Above is an example of predicted player performance for all NBA players playing on 4/10/2015 vs. their actual performance.
Things to note
- The training data set was from 3/1/2015 to 4/5/2015 and the date for predicted player performance (4/10/2015) is outside this training set.
- R-squared is around 0.47, which essentially indicates a lot of unexplained variance between the predicted score and the actual score.

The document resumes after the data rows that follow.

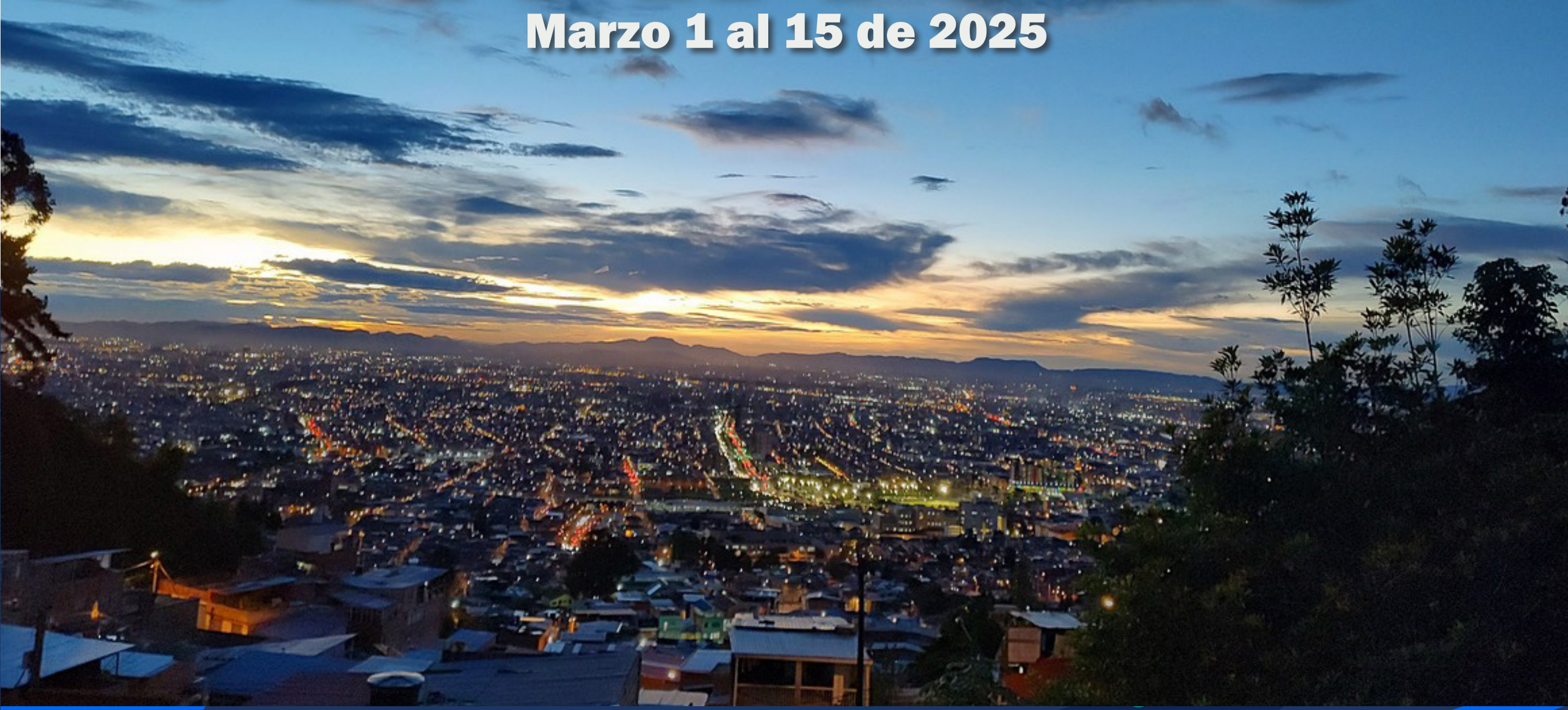
Foto: Panorámica de Bogotá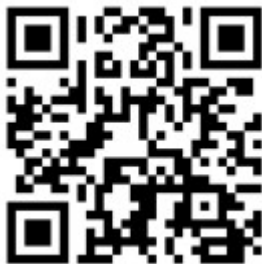
Рис. 3 – Ссылка на вебинар.

Этап № 3. Доведение до педагогов, ответственных за реализацию курса, сведений организационного характера. С данной целью в мае 2023 года проведен установочный вебинар (см. рисунок 3), а также от Минобразования Ростовской области направлено информационное письмо о внедрении программы медиаграмотности руководителям органов муниципального самоуправления, осуществляющих управление в сфере образования.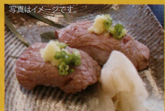
【由利牛の握り】 由利牛の肉汁が食欲をそそります。 一人前 (税込み) ¥400 (数量限定)

●Tel.0120-172-886 ●11:00~22:30 (L.O22:00) ●年中無休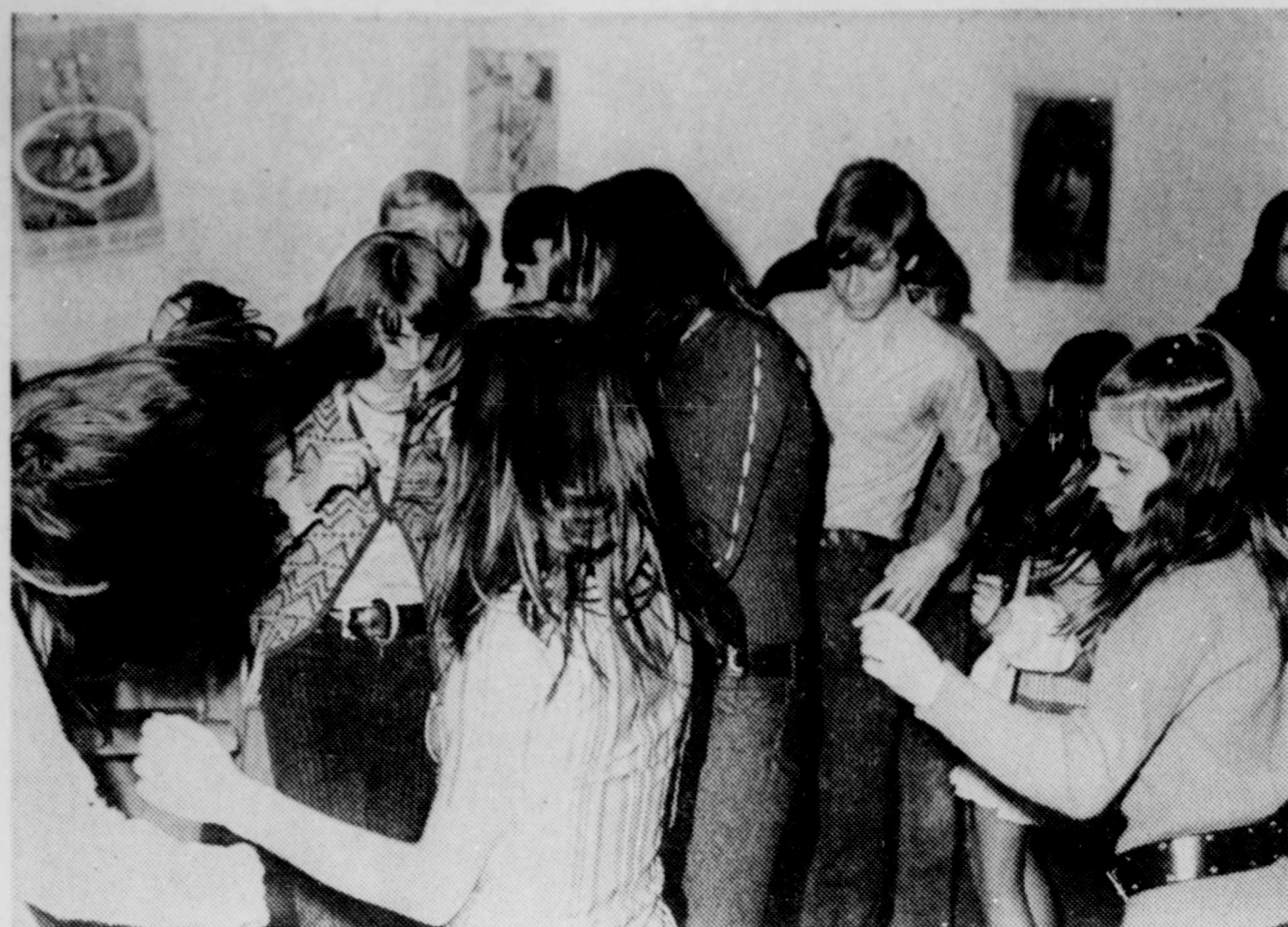
Du nouveau dans nos parcs-écoles. En effet, une discothèque a été créée dans les cadres du parc-école Cardinal-Roy et ce à la demande des adolescents (es) qui fréquen-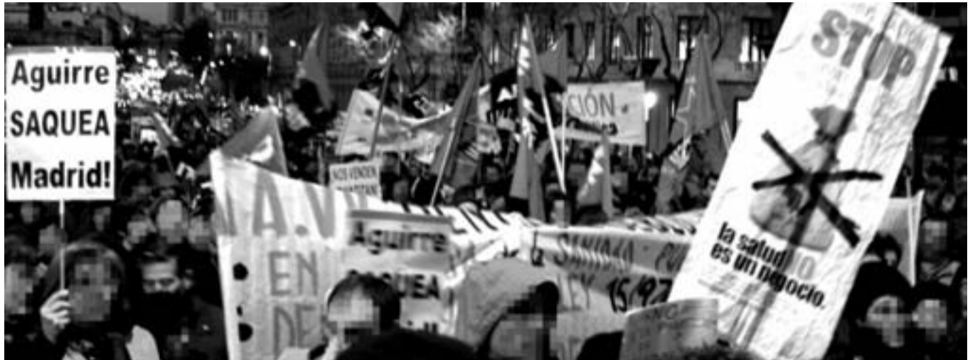
Instante de la manifestación contra la privatización de la Sanidad en Madrid.

Poco antes del comienzo, un nutrido grupo de cenetistas se congregó en Tirso de Molina para acompañar a la representación de la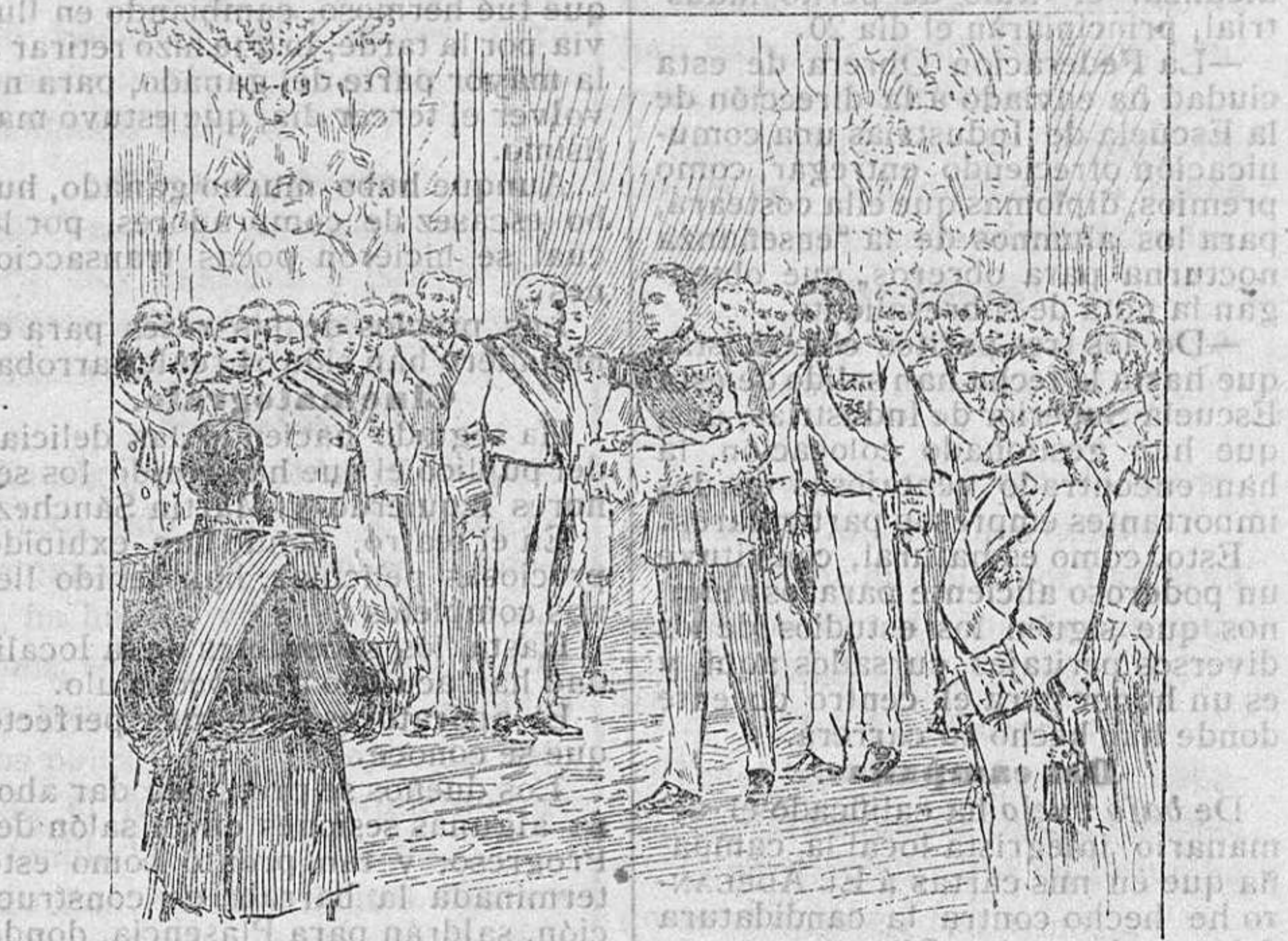
SU MAJESTAD EL REY HACIENDO LA PRESENTACION DEL RECIEN NACIDO

However, this might not necessarily have to do with the structure of the prediction model but rather the nature of events being predicted — I’d make the argument that NBA player performances have large variances, by nature.
Let me quickly outline the very simple linear regression model I used to generate the above result.
First, I started with the following logic
player performance = f(historical player performance, teammate, opponents, schedule)
Basically, I think about a player’s performance as dependent on four factors — how a player has been playing, what teammates are playing, what opponents are playing, and the player’s schedule.
Now, the specific variables I use to represent these four factors are the following:
- Weighted historical performance
- I calculate this variable using the following weighting: last game’s performance + 0.6 x performance over previous 7 days + 0.3 x performance over previous 14 days + 0.1 x performance over previous 28 days
- Average Draftkings score that the opponent has conceded to the player’s position over the past 28 days
- Example: Over the past 28 days, point guards have scored, on average, 28.6 points against the Houston Rockets
- Missing teammates’ Draftkings scores
- Example: Today, there are 3 teammates that are sitting out for the Oklahoma City Thunder. They have averaged 12, 15, and 25 points on Draftkings, respectively. Thus, the number of “missing” points is 52.
- Is the game a back-to-back?
- I should split up historical performance by week, and add each week’s performance as it’s own variable
- I should actually calculate these regressions on a player-by-player basis rather than aggregating all player information and then running the regression.
- What I mean by this is that I should aggregate all historical data for a particular player, like Russell Westbrook, and then run a regression to predict Russell Westbrook’s next performance. Then move on to the next player, say, Tim Duncan, and do the same thing.
- My reasoning is that I believe that the impact of these variables, like say, whether a game is a back-to-back will vary greatly from player to player. For somebody that could very well be the human Energizer Bunny (see Westbrook, Russell) a back-to-back may have very little impact. For somebody who could pass as the new “Jake from State Farm” (see Duncan, Tim) back-to-backs could be harder to recover from.